Généralement, les abeilles spécialistes sont des solitaires qui nichent dans le sol, appartenant aux familles des Andrenidés, Halictidés ou Melittidés. Leur période de vol est courte, quelques semaines, calée sur la floraison de leurs plantes préférées. Elles devinent spontanément les gestes pour les butiner, et leurs pièces buccales sont bien adaptées. C’est le cas par exemple, de la collète du lierre, une spécialiste du lierre, voir Abeilles solitaires.

Une abeille spécialiste est vulnérable : son destin est lié à celui de ses plantes préférées. Si elles disparaissent, elle risque de subir le même sort, et inversement.

Comment une fleur attire les abeilles ?

Prenons l’exemple de Chelostoma rapunculi, une abeille spécialiste des campanules. Une étude (Milet-Pinheiro 2015, voir Références) a montré qu’elle est fortement attirée, de façon innée, par la couleur bleue et par la senteur des fleurs de campanules.

L’indice couleur lui évite de perdre du temps sur des corolles blanches, jaunes, … , et de se diriger directement vers les bleues.
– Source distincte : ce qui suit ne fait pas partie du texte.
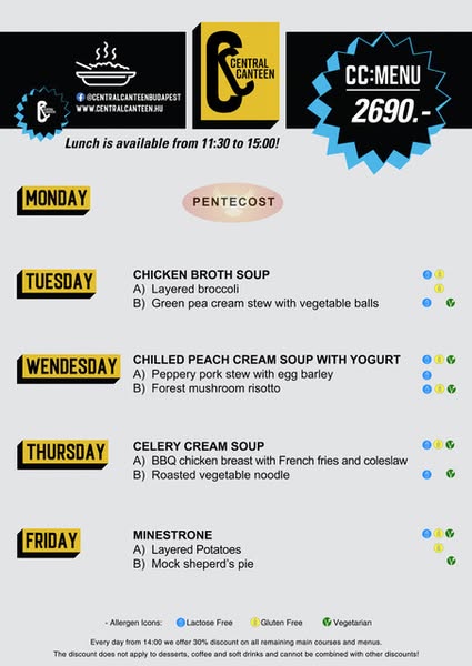 搜索关键词 Central Canteen Budapest, Weekly Menu Budapest, Budapest Lunch Menu, Affordable Lunch Budapest, All You Can Eat Breakfast, Kazinczy Street Food, Lunch Deals Budapest, Fresh Meals Budapest, Budapest Food Promotion, Student Lunch Budapest优势 Fresh meals,New flavors every week,30% off after 2 PM
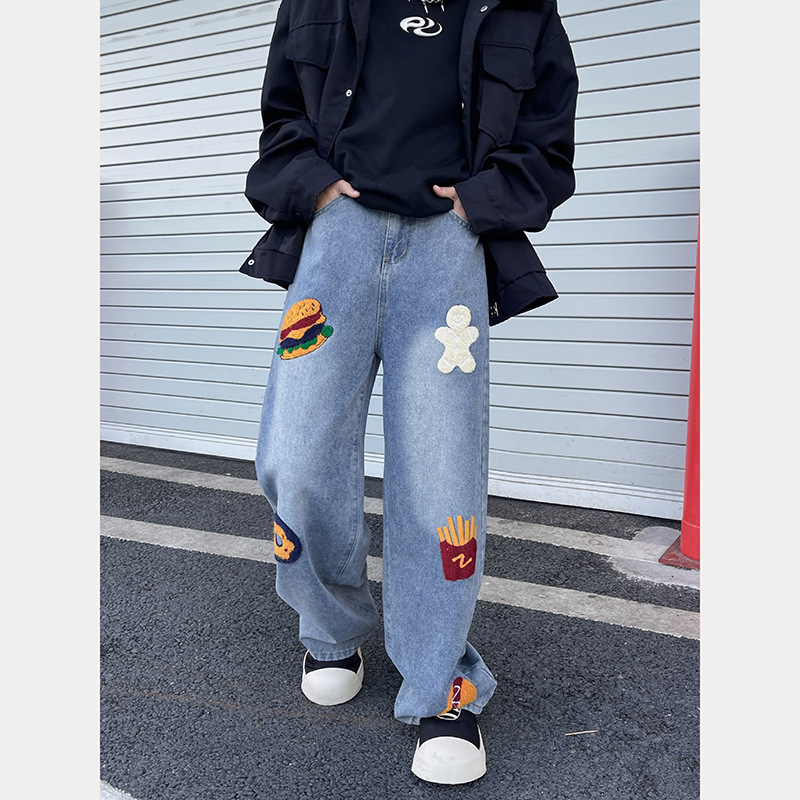 小衆高街プリントジーンズ女夏美式ヒップホップストレートズボンcleanfit潮牌広脚モップズボン
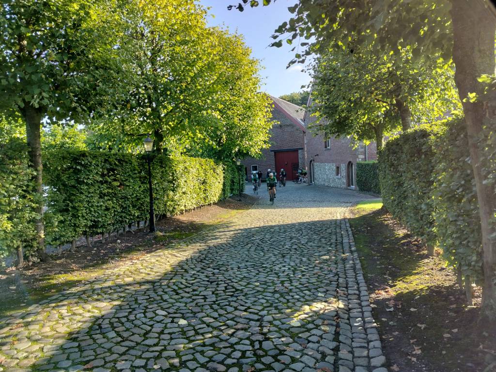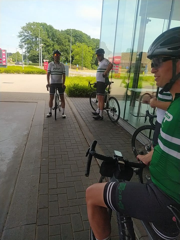Zaterdag 12 juli. Een heerlijke zomerdag om er weer eens wat langer op uit te trekken. Stipt 8u00 stonden we met 10 kleppers klaar aan het 8ste sacrament. Vol goesting trokken we weer de baan op. Rustig opwarmend met een zachte rugwind kwamen we toch weer mooie, nieuwe paden tegen. Nieuwe paden waar de één al wat meer last had om de juiste weg te vinden dan de ander. Al werd snel duidelijk dat er op magische wijze verschillende routes werden gedownload. Ter hoogte van Bokrijk zijn Marc en Kris, wiens lichaam toch nog wat moest bekomen van zijn Rometripje, met een ommetje terug huiswaarts gekeerd. Waardoor de kopbeurten van de overige 8 mekaar iets sneller opvolgden. Geen probleem voor de voorzitter, die met een duidelijk voedingsplan onderweg was. Een plan dat hij op 1 snoepje na minutieus heeft opgevolgd. Met superbenen als gevolg. Een voedingsschema waardoor hij zijne spaghetti er met veel moeite binnen kreeg in het ‘ t Velohofke. Een fijne locatie overigens voor onze tussenstop. Voor ieder wat wils. Lekker gegeten, tussen de beestjes. Vriendelijke bediening met ijsblokjes in ons drinkbussen. En voor de liefhebbers een bikewash ter beschikking. Met nog een 80km voor de boeg dan maar terug het glooiende landschap in richting Pelt. Genietend van de streek, en toch ook een beetje afzien van de heuveltjes voor sommigen onder ons, werd snel duidelijk wie de betere benen had. Benen die maar wat graag een extra kopbeurt voor hun rekening namen. Waarvoor dank. Eens terug aan Het 8ste Sacrament mochten we weer gezellig genieten van een hapje en drankje op terras waar de zon ondertussen ook helemaal was doorgebroken. Merci voor de fijne rit kleppers. En Merci voor de versnaperingen en het organiseren aan het bestuur. Een dankbare, voldane Klepper.

Mais les campanules ne sont pas les seules fleurs bleues. L’indice senteur est fait d’un assemblage de plusieurs dizaines de composants volatiles, dont certains sont caractéristiques de la famille (les Campanulacées), du genre (Campanula) ou de l’espèce, et indiquent la qualité du pollen et du nectar, eux aussi odorants.

Ainsi une jeune Chelostoma rapunculi qui s’envole pour la 1ère fois, n’ayant jamais vu une fleur de sa courte vie, ne gaspille pas son énergie à butiner toutes les fleurs qu’elle croise. Sans passer par un apprentissage, elle repère instantanément celles qui lui conviennent. Son butinage efficace est l’assurance d’une nouvelle génération à venir.
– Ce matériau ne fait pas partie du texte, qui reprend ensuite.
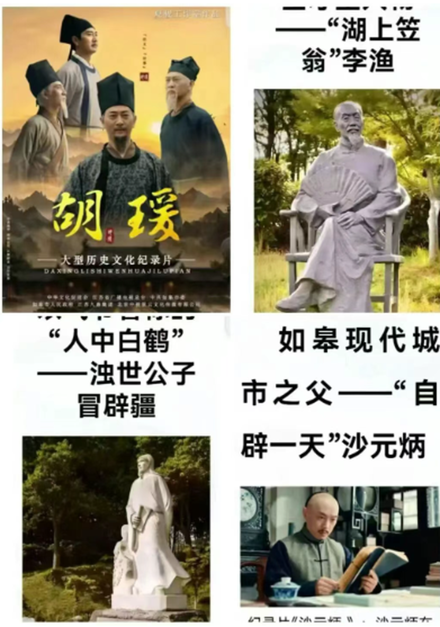 图4,这4位被称为“如皋四贤”:1,北宋思想家、教育家胡瑗;2,明末清初戏剧家、美学家李渔;3,明末清初文学家、爱国志士冒襄(巢民,字辟疆);4,清末民初教育家、实业家沙元炳。看,这是何等深厚且独特的文化底蕴!
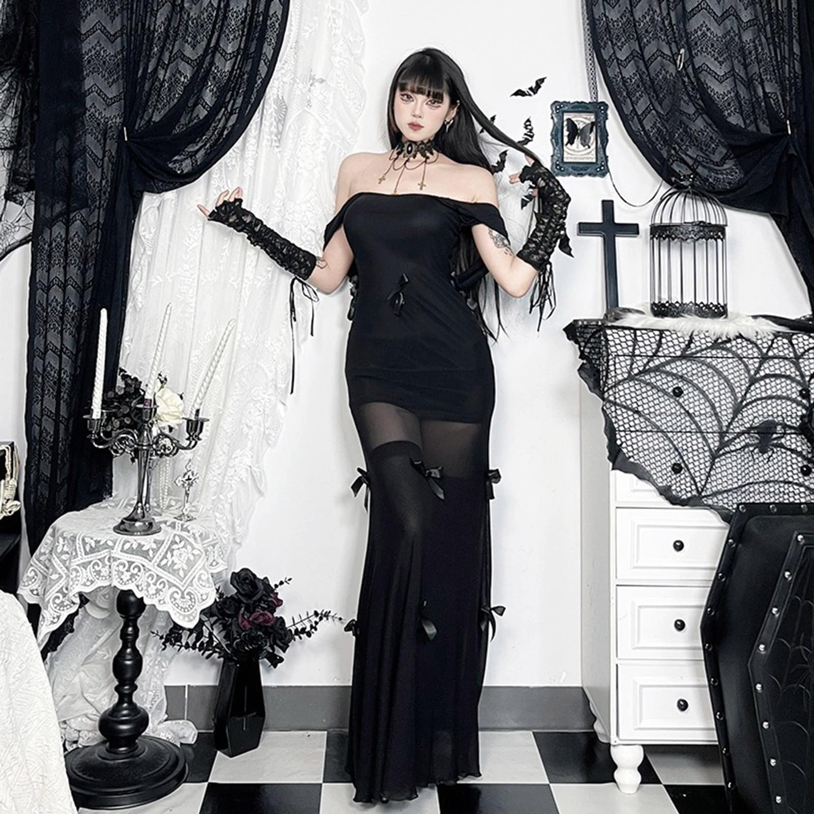 Bodenlanges Gothic-Kleid das sich schnell zu einem Minikleid umfunktionieren lässt. Du entscheidest wonach Dir ist und trägst es lang oder kurz.
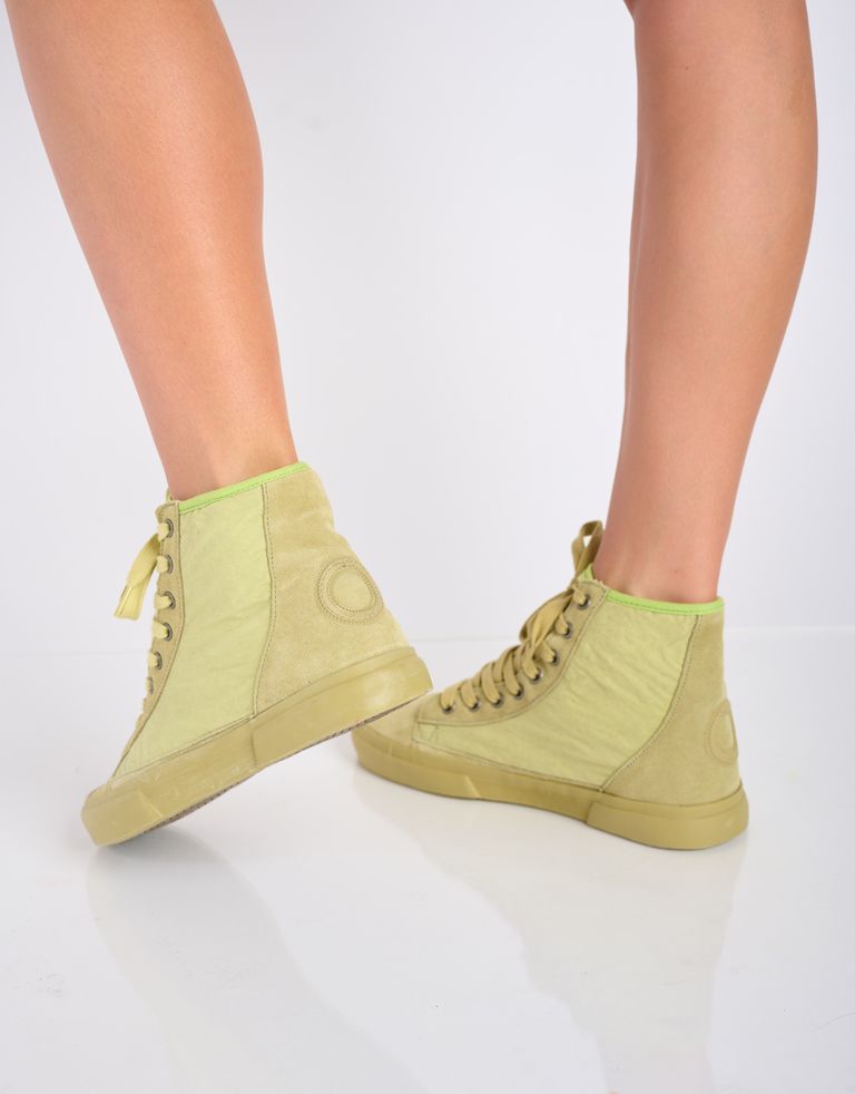 נעלי סניקרס היי-טופ, נעימות ומחממות. לנעליים מפתח רחב באזור הקרסול הניתן לכוונון אישי בעזרת שרוכים, הכי פרי-סטייל שיש.
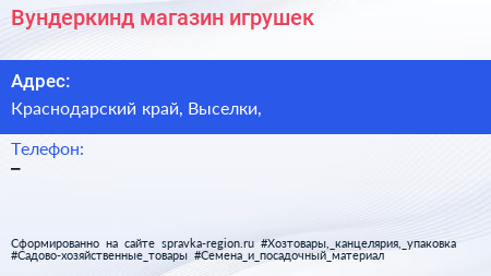 Вундеркинд, магазин игрушек по адресу Краснодарский край, Выселки, в дальнейшем Организация, размещена в следующих категориях:
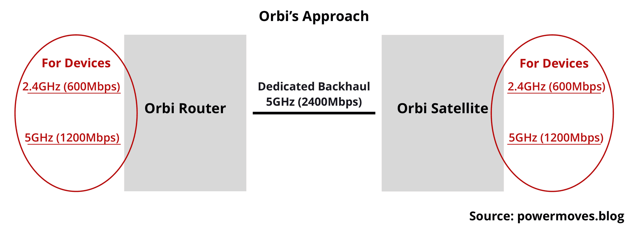 Orbi RBK752 is a tri-band system, just like Eero. But its approach differs because one of the channels (5GHz, 2400Mbps) is a dedicated backhaul channel that’s only used to communicate with other Orbi, which leaves the other two channels open for clients (your devices).
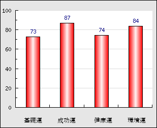 環境運 家庭や職場等での援助運・環境運を司ります。これが良いと配偶者や子供・職場の同僚などから助力が得られやすく、悪いと波乱・不和・孤独などがあります。 84点
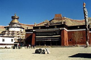 Le matin suivant, nous marchons à travers la section tibétaine jusqu'au monastère de Pelkor Chode, vieux de près de 600 ans. Il est encore très tôt le matin, le soleil plombant reste en partie caché par le Dzong, véritable forteresse perchée sur le sommet d'un pic rocheux en plein milieu de la ville. Les rues sont encore quasi-désertes et nous regardons les typiques maisons tibétaines bordant la grande allée de terre où nous marchons.
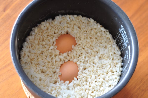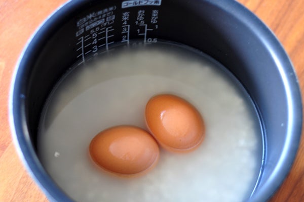 私はずっと前から、ゆで卵を作るのは炊飯器。お米と水を入れた炊飯器に卵をそのまま入れてスイッチオン。すると、炊き上がりと同時にゆで卵もできあがり!
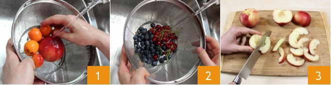 Para preparar a crumb cake com frutas de verão, comece pelas frutas: lave-as cuidadosamente em água corrente (1-2) e seque-as delicadamente com um pano. Tire as groselhas dos caules e reserve juntamente com os mirtilos. Em seguida, coloque os pêssegos em uma tábua e corte-os ao meio, retire o caroço e corte-os em fatias 3.
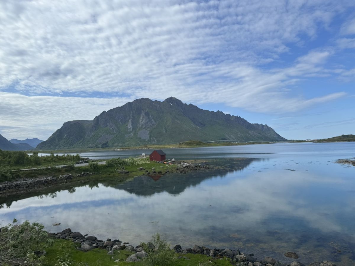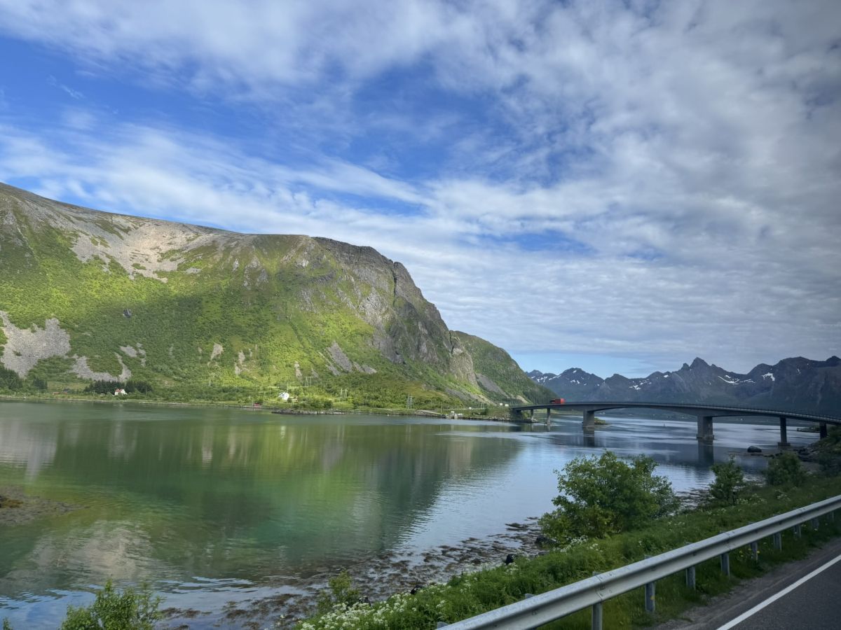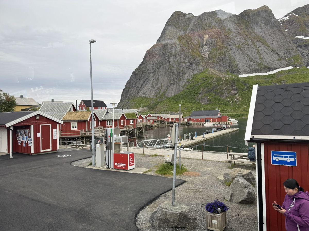 Lokalni avtobus družbe Nortland po Lofotih do Svolvarja je bil napol poln, nanj so na postajališčih vstopali in izstopali tako lokalci kot turisti. Medtem ko smo potniki uživali ob naravnost božanskih razgledih, pa je bil šofer avtobusa zaradi neznosne gneče polno zaposlen z vožnjo po ozki in vijugasti cesti ter mostovi in predori samo z enim voznim pasom ter obveznim čakanjem pred rdečo lučjo. Za vožnjo po Lofotih je treba imeti res veliko spretnosti in jeklene živce. Da sem bil na napačnem avtobusu, sem ugotovil šele na cilju, saj smo ga dosegli kako uro pred planom. Tako je splavala po vodi tudi priložnost obiskati ribiško vasico Henningsvar, znano po svojem spektakularnem nogometnem igrišču, ki leži na skalnem otočku, obkroženem z morjem in gorami.

Conclusion. En modifiant les indices floraux, couleur et senteur, d’une fleur, la sélection horticole prend le risque de perturber le jeu subtil qui la relie à ses butineurs.

Vision des couleurs décalée

L’abeille ne voit pas le monde avec les mêmes couleurs que nous : sa vision est décalée. L’abeille voit le jaune, le bleu, l’ultra-violet, mais pas le rouge. Nous voyons le jaune, le bleu, le rouge mais pas l’ultra-violet.

Conséquence : en général, les fleurs à abeilles ne sont pas  rouges, sinon elles ne les verraient pas. Mais il y a des exceptions : par exemple, la fleur rouge du coquelicot attire les abeilles, car elle réfléchit aussi de l’ultra-violet, qu’elles détectent.

Déclin des abeilles

Selon la Liste rouge des abeilles sauvages européennes, publiée en 2014 par l’UICN (Union internationale pour la conservation de la nature), environ une espèce sur dix est menacée d’extinction et une sur vingt est menacée de l’être dans un proche avenir, principalement à cause des pratiques agricoles intensives et des pesticides.